Neste sábado, 14 de maio, a Biblioteca Parque Villa-Lobos (BVL) recebeu os vencedores do Prêmio São Paulo de Literatura Paula Fábrio e Estevão Azevedo para um encontro literário. Paula venceu na categoria de autora estreante com mais de 40 anos em 2013 com Desnorteio. Já Estevão ganhou na categoria de Melhor Livro do Ano em 2015 com Tempo de espalhar pedras. O bate-papo integrou o programa Segundas Intenções e contou com a medição do jornalista Manuel da Costa Pinto.

A atividade marcou o início da parceria da biblioteca com a revista Pessoa, que é voltada para o universo literário. A publicação sugeriu que os escritores discutissem na BVL sobre o conceito de utopia, em memória aos 500 anos de edição da emblemática obra de Thomas More.  Esta ideia continua a ser evocada por diversas gerações e muito já se construiu em termos literários e filosóficos sobre o tema. O objetivo é problematizar o “lugar” da utopia no mundo contemporâneo.

A editora da Pessoa, Mirna Queiroz, foi convidada a participar da mesa e falou sobre a publicação. Disse que uma revista de literatura é também fruto de uma utopia e que a publicação foi mantida por cinco anos com recursos dos colaboradores. Comentou que atualmente busca uma alternativa de financiamento com um sistema de micropagamentos. “Vamos tentar viabilizar o projeto, existe ainda resistência devido a cultura do gratuito na internet”, disse.

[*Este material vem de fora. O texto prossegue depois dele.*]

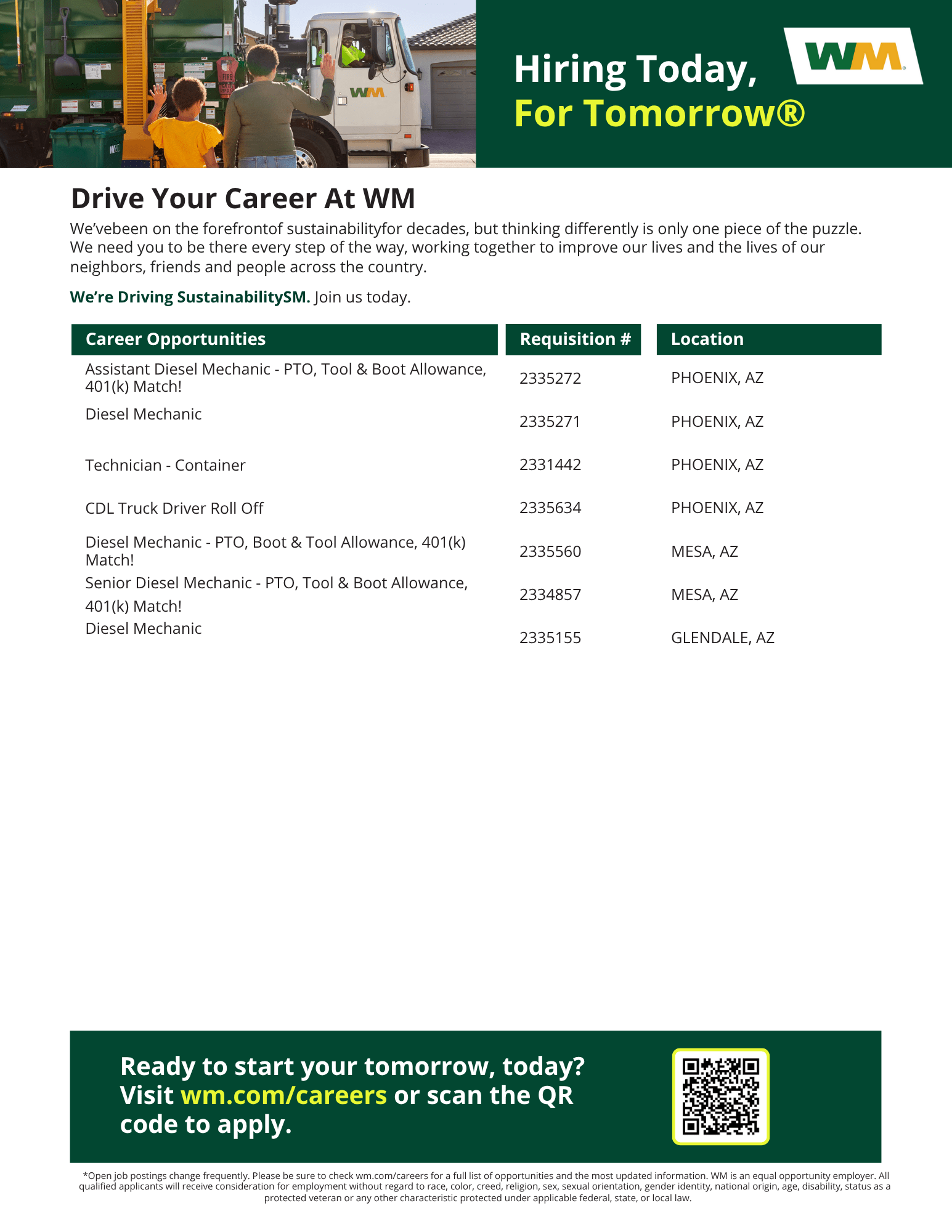 WM is filling positions for Diesel Mechanics, Assistant Diesel Mechanics, CDL Drivers & Technicians (Welding) in the Meza, AZ area. Please see attached flyer for details on the roles.

Sobre o tema da palestra, Estevão falou que “toda a utopia é uma construção humana. Embora ela tenha caráter construtivo e trabalhe com o conceito de desejos homogêneos, ignora que os seres humanos são diferentes”, afirmou, ao dizer que gosta do termo como uma crítica as sociedades de seu tempo.

Já Paula afirmou que atualmente as utopias e distopias estão presentes na literatura e no audiovisual, especialmente nos filmes. “Nas pesquisas e entrevistas que venho fazendo para a revista Pessoa, fala-se muito que a utopia é não estar contente com o lugar em que se está”, comentou.

Ainda sobre o debate, Manuel concordou e fez uma longa exposição sobre distopia e utopia. Para ele, estes conceitos refletem o seu tempo. Exemplos não faltam. Na República de Platão, o problema a ser colocado em pauta era o do filósofo-rei. Na idade média, refletia-se a fome que assombrava a Europa e imaginava-se um país de fartura, a terra de cocanha. Thomas More problematizou o emprego (ou a falta dele) no início do renascimento. A Nova Atlântida, romance de Francis Bacon busca a utopia travestida de ciência. Este termo foi revitalizado até chegar a clássicos do século XX como Admirável mundo novo, de Aldous Huxley, 1984, de George Orwell e Fahrenheit 451, de Ray Bradbury.

Na parte final do bate-papo, os escritores também falaram de suas obras. Paula comentou sobre seu mais recente lançamento, Um dia toparei comigo. O livro aborda o poliamor e como uma viagem pode ser uma fuga para os problemas centrais da protagonista, especialmente a morte do pai em virtude de um câncer.

Já Estevão disse que em seu romance Tempo de espalhar pedras buscou uma literatura que não fosse urbana e cosmopolita “Acho que a nossa literatura está muito autocentrada. Os personagens são sempre jornalistas, escritores e artistas. Carece de mais diversidade. É uma autocrítica: eu mesmo já lancei obras assim”.

O próximo Segundas Intenções na BVL vai ser com o escritor e dramaturgo Marcelo Rubens Paiva. A atividade está marcada para o dia 11 de junho, às 15 horas.